I spin around at his words, stunned. “No.”


“That’s… I-I can’t even find the proper words for how messed up that is.”

Moments of silence pass by. The food sizzles on the hot stove, and I don’t bother to turn my attention back to it.

“Why do you keep going back?”

“My grandma. She lives in the local nursing home.” He slides his eyes my way. “She’s who I go see every Sunday.”

“I thought you went back for your mom and brother?”

“I go back to give them money or whatever it is they want. I meet them at the bus stop because I refuse to go over to their trailer anymore.”

Huh. Interesting…

“And this last time you rushed home?”

His eyes turn to fire in a flash. “My mom called me hysterical in the middle of the night, told me my grandma had fallen, so I rushed there.” He shakes his head, annoyed with himself. “I should have known it was a bullshit call—my mom doesn’t care what happens to my grandma.”

“Bullshit call?”

“Grams was just fine.” He grins. “Nothing can take that old broad down. She’s tough as nails.”

“Then what did your mom want?”

That fire turns to ice, and I can see him stiffen. “Money.”

“After all that, she called you for money?”

“Of course she did. She didn’t think she did anything wrong.”

“She didn’t think…” I let out an irritated growl. I can’t even with this information right now. “Why’d you end up staying longer?”

“Legal stuff. I’m now my grandmother’s sole beneficiary and her only emergency contact. Now I don’t have to deal with my mom or brother anymore.”

I fold my arms over my chest. “And why couldn’t you have explained this to me before?”

He lets out a loud sigh and scrubs his hands over his face. “I’m embarrassed as all get out by my family. My mom would rather be loyal to a drug dealer than her own son. My brother would rather become a drug dealer than finish high school.”

Caleb stares blankly right past me. Watching the tangled web of emotions running over his face is killing me right now. He looks so…desolate.

“I’ve tried. I’ve tried so fucking hard to make things better for them. Hell, I even offered to move them here and away from all that bullshit there, but they don’t want it. They like the way they live. How am I supposed to explain that my family wants that over me? Over stability? It’s sad and painful and so fucking stupid.” He finally looks at me. “I didn’t mean to scare you, and in hindsight, maybe leaving a note like that wasn’t such a smart idea.”

“In hindsight?” My voice pitches on the last syllable. “You think?”

He shrugs sheepishly. “I’m sorry, Zoe. I’m really sorry.”
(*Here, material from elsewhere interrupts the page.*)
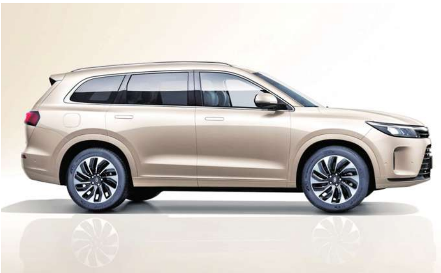
▲ 中國華為問界休旅車,宣稱目標德日豪華車市場。

“What about now, Caleb? What happens now?”

He sits up straighter, his chest puffing out with determination. His eyes harden.

“I’m tired of being their bank, tired of them using me, and I am damn sick of missing out on time with you. I’m done straddling the line. I don’t want their toxicity in my life anymore. I want you.”

“Me?” It comes out a squeak.

Caleb pushes himself off the stool and prowls toward me. His walk is strong, sure, steady.

He cups my face in his hands, tilting my head so I can meet his gaze. He towers over me with serious eyes.

“You, and this apartment. Breakfast and Beats. Mittens. Our grocery trips, the shitty schedules, and the texting. You. I want you.”

“Are you sure?”

“I’ve never been more certain of anything in my life.”

“Good answer.”

He grins. “I know, huh?”

Caleb presses a quick kiss to my lips and I pull at his shirt, not letting him move.

I make sure he’s looking into my eyes before I speak. “You have nothing to be embarrassed about, you got that? I’m here for you, not to pass judgment on you. We’re a team. Don’t you ever—and I mean ever—leave me like that again. Understood?”

He swallows loudly. “I got it.”

I don’t let him go.

“You know I’m not asking you to give your family up, right? That’s not what I meant about you being between two worlds. It wasn’t me giving you an ultimatum. I’m worried for you, for them, and kind of worried about us and what that could mean for our future.”

“I like it when you say words like our future.”


“I know,” he says, pressing his forehead to mine. “But I have to. If I don’t put my foot down and do something about it now, I won’t ever do anything about it and I’ll keep adjusting my life to meet their needs. I can’t and won’t do that. I’m getting ready to graduate college. I have a future to think about. I can’t keep letting them drag me back to my past. I’m doing this for me, for us, and for them.”